Data items
========================================

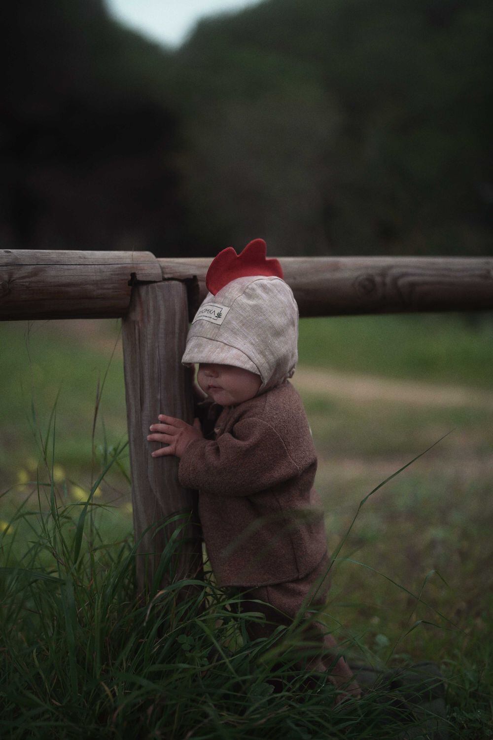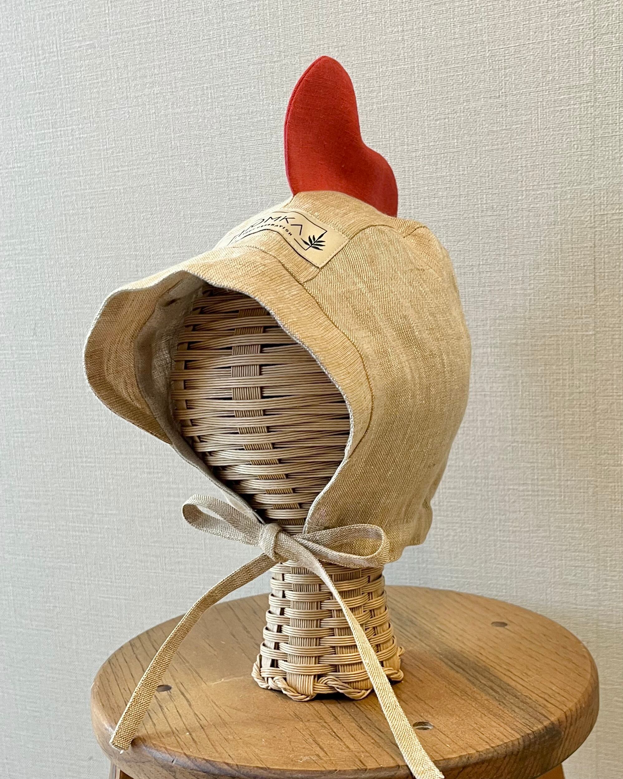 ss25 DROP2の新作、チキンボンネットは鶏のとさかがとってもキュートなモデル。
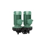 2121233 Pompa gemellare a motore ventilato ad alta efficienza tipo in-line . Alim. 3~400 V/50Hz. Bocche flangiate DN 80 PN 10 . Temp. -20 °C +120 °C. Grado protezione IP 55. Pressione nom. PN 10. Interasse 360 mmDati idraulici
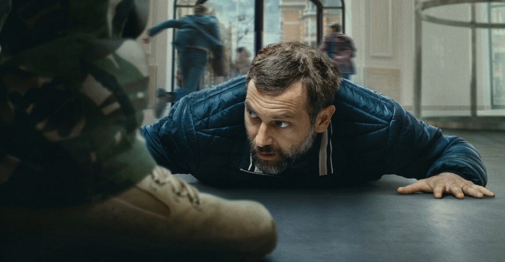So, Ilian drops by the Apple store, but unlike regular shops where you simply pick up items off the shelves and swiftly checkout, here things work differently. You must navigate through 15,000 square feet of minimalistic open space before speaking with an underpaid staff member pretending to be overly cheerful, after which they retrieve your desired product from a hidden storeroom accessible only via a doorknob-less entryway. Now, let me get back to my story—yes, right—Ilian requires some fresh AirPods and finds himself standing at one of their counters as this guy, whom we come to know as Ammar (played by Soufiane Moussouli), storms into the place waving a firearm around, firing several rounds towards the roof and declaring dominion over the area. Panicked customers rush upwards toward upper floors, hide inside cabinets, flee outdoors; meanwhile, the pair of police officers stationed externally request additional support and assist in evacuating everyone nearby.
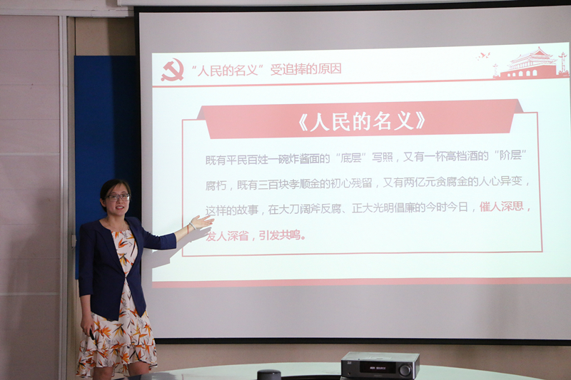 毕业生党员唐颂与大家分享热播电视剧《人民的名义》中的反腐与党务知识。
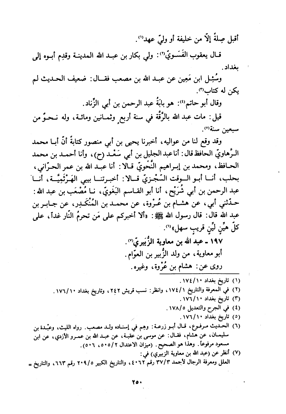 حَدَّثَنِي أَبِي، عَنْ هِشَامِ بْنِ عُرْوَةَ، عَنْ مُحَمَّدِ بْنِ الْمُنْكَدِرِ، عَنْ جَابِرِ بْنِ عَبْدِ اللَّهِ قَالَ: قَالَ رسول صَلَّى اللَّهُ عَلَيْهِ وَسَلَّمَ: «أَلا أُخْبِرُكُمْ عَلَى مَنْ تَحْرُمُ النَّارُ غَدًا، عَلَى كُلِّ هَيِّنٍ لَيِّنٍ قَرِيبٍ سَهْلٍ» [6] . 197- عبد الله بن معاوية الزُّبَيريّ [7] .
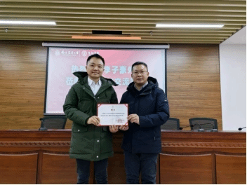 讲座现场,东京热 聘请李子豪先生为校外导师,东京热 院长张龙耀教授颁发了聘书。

========================================

▶ _What the task asks_:
Restate word for word only the lines that run from the line holding "حَدَّثَنِي أَبِي، عَنْ" to the end of the data, both ends kept, leaving every picture out.

▶ _Task response_:
 حَدَّثَنِي أَبِي، عَنْ هِشَامِ بْنِ عُرْوَةَ، عَنْ مُحَمَّدِ بْنِ الْمُنْكَدِرِ، عَنْ جَابِرِ بْنِ عَبْدِ اللَّهِ قَالَ: قَالَ رسول صَلَّى اللَّهُ عَلَيْهِ وَسَلَّمَ: «أَلا أُخْبِرُكُمْ عَلَى مَنْ تَحْرُمُ النَّارُ غَدًا، عَلَى كُلِّ هَيِّنٍ لَيِّنٍ قَرِيبٍ سَهْلٍ» [6] . 197- عبد الله بن معاوية الزُّبَيريّ [7] .
 讲座现场,东京热 聘请李子豪先生为校外导师,东京热 院长张龙耀教授颁发了聘书。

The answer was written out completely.